Manufacturing method of iron-nickel alloy for electron gun parts {Method of Producing Fe-Ni Alloy for the Electrode Material of an Electron-gun}

TECHNICAL FIELD This invention relates to the manufacturing method of the Fe-Ni alloy which improved the press punching property suitable as an electron gun component, for example, an electron gun electrode material.

FIG. 1 is a cross-sectional view of a known shadow mask type color brown tube, in which a panel 1 is coated with a fluorescent film 2 emitting three primary colors of red, green, and blue, and one neck portion is provided with an electron beam 3. It is equipped with a shooting electron gun (4). The electron beam 3 is deflected by the deflection yoke 5. 6 is the shadow mask and 7 is the magnetic shield.

2 (a) and 2 (b) are a perspective view and a cross-sectional view showing an electrode (grid electrode) 10 as an example of a punching machined part mounted to the electron gun 4. The electrode 10 controls electrons emitted from the cathode of the electron gun to form an electron beam, and serves to modulate the electron flow rate.
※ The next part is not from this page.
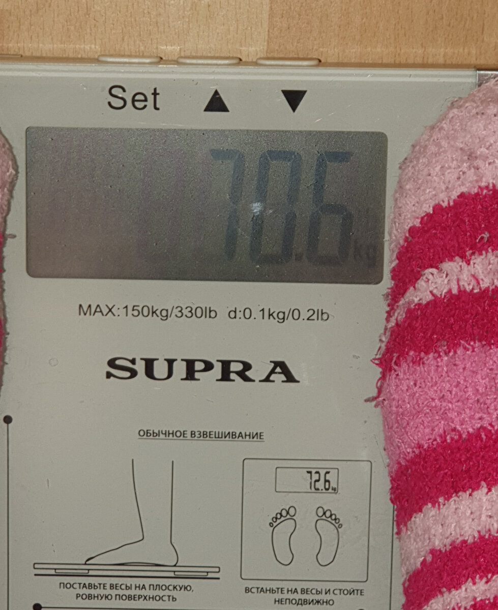Вот у нас и появился первый праздник! Мы уже 10 дней как худеем. Итоги подводили недавно, но тост не произносили. Так вот, поздравляю всех и желаю скорейшего похудения! И мне того же желаю))) Теперь перейдем к нашим весам и видим: Опять 70,6 кг! Спасибо, что не прибавила) Ну ничего, утопчем результат, плотнее будет площадка. Меньше вероятность увеличить вес в ближайшее время. Идет пить кофе, наслаждаемся. И бежим по делам. Сегодня с утра был кофе капучино, выпила его ближе к обеду. Перейдем срезу к обеду. Сегодня у нас итальянский грибной суп и паста "Тоскано". Представили? А вот реальное фото: Что тут скажешь? Вроде и привыкла я так питаться, но вариантов-то ведь у производителя не так и много - рис, греча, макароны и картофель. И сушеные овощи в разных пропорциях: положили томат - получили томатный суп, положили грибы - грибной суп, и т.д. Фантазии разгуляться особенно и негде. Ну и мой любимый легкий десертик, который скрасил обед: После обеда слегка помедитировали, набрались сил,

Micro holes 10a, 10b, and 10c through which red, green, and blue beams pass are formed in the electrode 10 by coining and press punching, respectively.

Generally, the electron gun component used for a water pipe | tube etc. is completed by press-punching process with or without coining the non-magnetic stainless steel of about 0.05-0.5 mm of plate | board thickness as mentioned above. In recent years, however, it is important to have a small thermal expansion rather than nonmagnetic in the electrode located near the cathode of the electron gun. That is, in recent years, with the high definition and the high functionality of water tubes such as computer displays, the slight numerical change due to thermal expansion of electrode parts causes the performance of the screen on the panel 1 (see FIG. 1) (color purity). ) Is supposed to affect.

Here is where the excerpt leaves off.